NF-κB (signal molecules essential for promotion of inflammation), cytokines (TNF-α, IL-6, IL-8), TJ proteins (ZO-1, ZO-2), Claudin-1, Occludin, and Expression of mucin (Mucin-1 and Mucin-2 mRNA) was measured through real-time RT-PCR analysis according to a previously established method [Han et al., 2015]. Briefly, RNA was extracted using Trizol reagent (Invitrogen, Carlsbad, CA, USA) from hippocampal tissue obtained from mice immediately after completion of the passive avoidance test. The concentration and quality of the RNA were measured by the CFX96TM Real-Time System (Bio-Rad, Hercules, CA, USA). To prevent contamination of DNA, samples were treated with recombinant DNase I (DNA-free; Ambion, Austin, TX, USA). RNA was reverse transcribed using the reagent High-Capacity cDNA Reverse Transcription Kit (Applied Biosystems, Foster City, CA, USA) according to the manufacturer's instructions. Analysis was performed using the ABI Step One Plus Sequence Detection System (Applied Biosystems, Foster City, CA, USA), and their expression levels were calculated in proportion to the vehicle control group. 10 minutes at 94° C. under thermal conditions; And 39 cycles of 15 seconds at 94°C, 20 seconds at 57°C and 30 seconds at 72°C were applied. The data were normalized by glyceraldehyde-3-phosphate dehydrogenase (GAPDH) mRNA expression using a comparative threshold cycle method [Schmittgen and Livak, 2008]. The sequences of PCR oligonucleotide primers (Bioneer, Daejeon, Korea) used in this analysis are shown in Table 10. For quantitative analysis, intact control crystal tissue was used as a control, and NF-κB, TNF-α, IL-6, IL-8, ZO-1, ZO-2, Claudin-1, Occludin, Mucin-1 And the relative expression of Mucin-2 was calculated using the 2- ^ΔΔCt method [Livak and Schmittgen, 2001]. The results are shown in Tables 11 and 12 below.

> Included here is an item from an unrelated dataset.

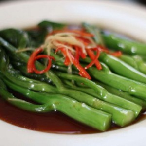停留30秒,让热油有一个渗透的过程。这时候这道白灼芥兰才算制作完成。
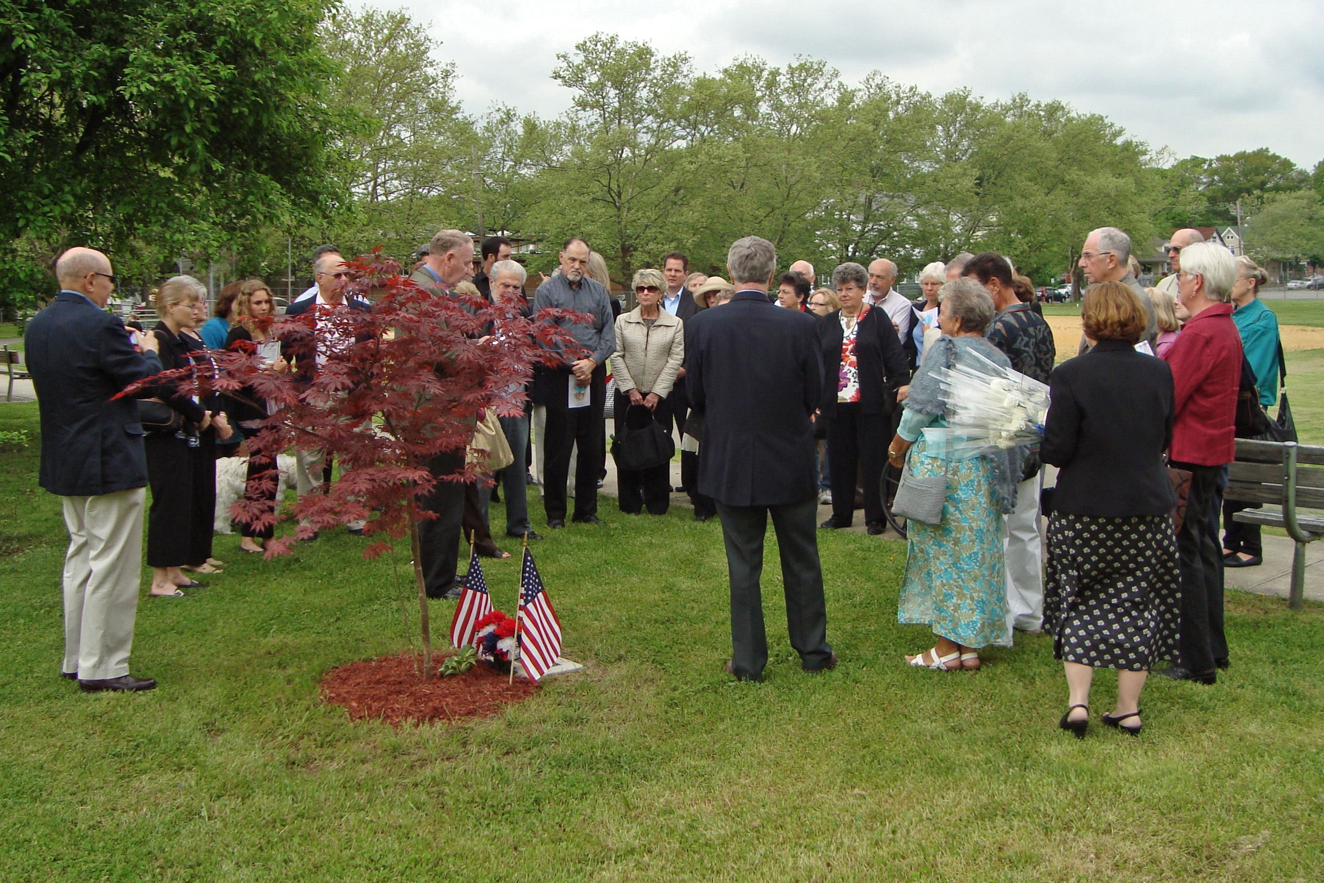 The tree and memorial plaque along with classmates, family and friends who were present for the dedication.

Control 1 Control 2 Control 3 NF-κB 1.06±0.11 6.84±1.06 4.55±0.83 TNF-α 1.01±0.08 4.78±0.78 2.76±0.49 IL-6 0.98±0.07 3.11±0.57 1.86±0.28 IL-8 1.02±0.07 2.95±0.20 1.74±0.20 ZO-1 1.07±0.12 0.48±0.08 0.67±0.09 ZO-2 1.04±0.09 0.25±0.06 0.43±0.12 Claudin-1 1.00±0.09 0.43±0.07 0.60±0.07 Occludin 1.00±0.08 0.50±0.09 0.69±0.08 Mucin-1 1.03±0.09 0.33±0.08 0.53±0.10 Mucin-2 1.01±0.07 0.47±0.09 0.72±0.09

Experimental group 1 Experimental group 2 Experimental group 3 NF-κB 3.10±0.88 4.38±0.52 5.07±0.81 TNF-α 1.98±0.40 2.41±0.47 3.15±0.46 IL-6 1.44±0.29 1.86±0.20 2.14±0.24 IL-8 1.30±0.23 1.69±0.26 1.97±0.17 ZO-1 0.85±0.07 0.64±0.11 0.60±0.07 ZO-2 0.67±0.09 0.41±0.08 0.33±0.04 Claudin-1 0.82±0.11 0.64±0.10 0.55±0.08 Occludin 0.87±0.06 0.70±0.07 0.64±0.05 Mucin-1 0.69±0012 0.57±0.07 0.45±0.08 Mucin-2 0.92±0.07 0.76±0.12 0.64±0.12

As can be seen in Tables 11 and 12, in control 2 compared to control 1, TNF-α, a cytokine regulated through NF-κB, along with an increase in NF-κB, a signaling system such as inflammatory response control and immune system regulation, In addition to the increased expression of IL-6 and IL-8 mRNA, the expression of ZO-1, ZO-2, Claudin-1, Occludin, Mucin-1 and Mucin-2 mRNA was decreased. On the other hand, in the case of experimental groups 1 to 3, the expression of NF-κB, TNF-α, IL-6 and IL-8 mRNA decreased compared to control 2, and ZO-1, ZO-2, Claudin-1, Occludin, and Mucin The expression of -1 and Mucin-2 mRNA was increased compared to the control group 2. In particular, experimental group 1 decreased the expression of NF-κB, TNF-α, IL-6 and IL-8 mRNA compared to control 3, and ZO-1, ZO-2, Claudin-1, Occludin, Mucin-1 and Mucin The expression of -2 mRNA was increased. In addition, according to experimental groups 1 to 3, as the dose of glutinous rice fermentation increased, the expression of NF-κB, TNF-α, IL-6 and IL-8 mRNA decreased, while ZO-1, ZO-2, Claudin-1 , Occludin, Mucin-1 and Mucin-2 mRNA expressions were increased.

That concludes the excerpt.